Problem description:
Output all of the data exactly as it appears, but leave out any pictures it contains.

Supplied data:
────────────────────

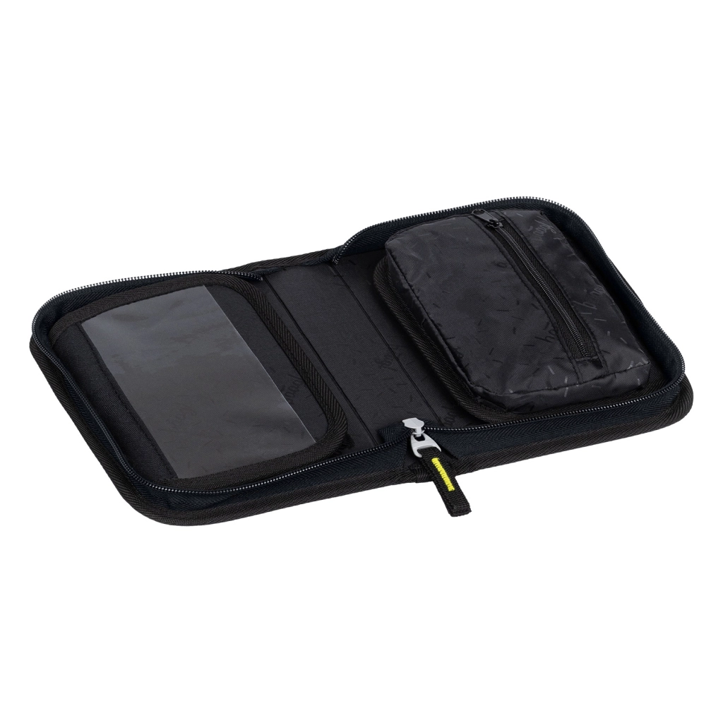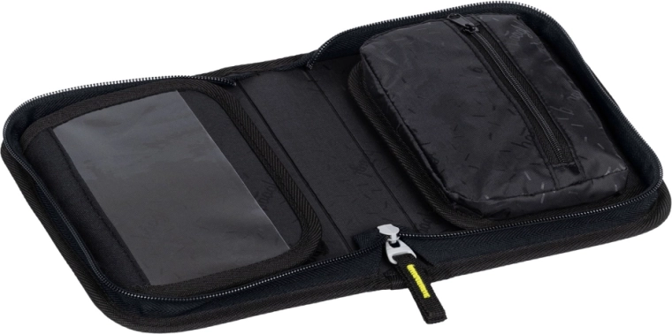 Small pocket, timetable window, sturdy elastic loops
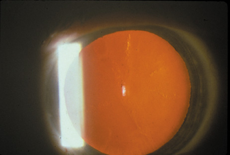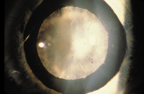 It has been observed that some individuals may have cortical opacities covering the entire anterior cortical and posterior cortical area (Fig. 11), and yet have 20/40 or better Snellen visual acuity under standard testing conditions. However, these patients may have severe disability glare such that under simulated bright lights their visual acuity may decrease to 20/80 or worse.31 They may also have decreased contrast sensitivity. These individuals tend to do well indoors but have difficulty driving during bright, sunny days, and at night because of oncoming headlights. Treatment in these cases must be decided on an individual basis, and surgery may be indicated when the expected benefits outweigh the surgical risks.
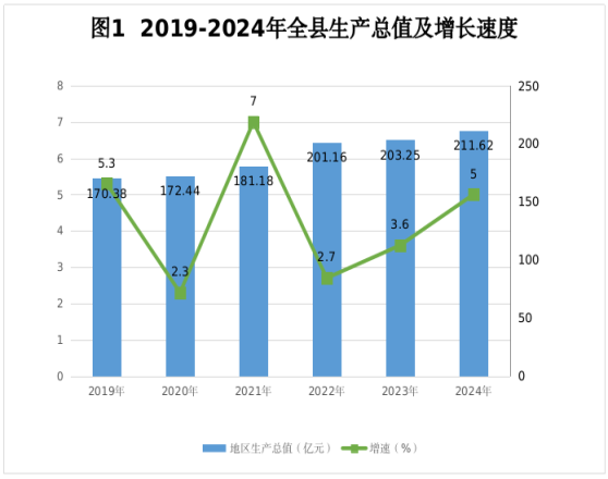 2024年是实现“十四五”规划目标任务的关键一年。全县坚持习近平新时代特色社会主义思想为指导,深入贯彻党的二十大和二十届二中、三中全会精神,认真落实党中央、国务院和区市政府部署,完整、准确、全面贯彻新发展理念,着力推动高质量发展,全县经济运行稳中有进、进中提质,高质量发展扎实推进。

────────────────────

Result for this task:
 Small pocket, timetable window, sturdy elastic loops
 It has been observed that some individuals may have cortical opacities covering the entire anterior cortical and posterior cortical area (Fig. 11), and yet have 20/40 or better Snellen visual acuity under standard testing conditions. However, these patients may have severe disability glare such that under simulated bright lights their visual acuity may decrease to 20/80 or worse.31 They may also have decreased contrast sensitivity. These individuals tend to do well indoors but have difficulty driving during bright, sunny days, and at night because of oncoming headlights. Treatment in these cases must be decided on an individual basis, and surgery may be indicated when the expected benefits outweigh the surgical risks.
 2024年是实现“十四五”规划目标任务的关键一年。全县坚持习近平新时代特色社会主义思想为指导,深入贯彻党的二十大和二十届二中、三中全会精神,认真落实党中央、国务院和区市政府部署,完整、准确、全面贯彻新发展理念,着力推动高质量发展,全县经济运行稳中有进、进中提质,高质量发展扎实推进。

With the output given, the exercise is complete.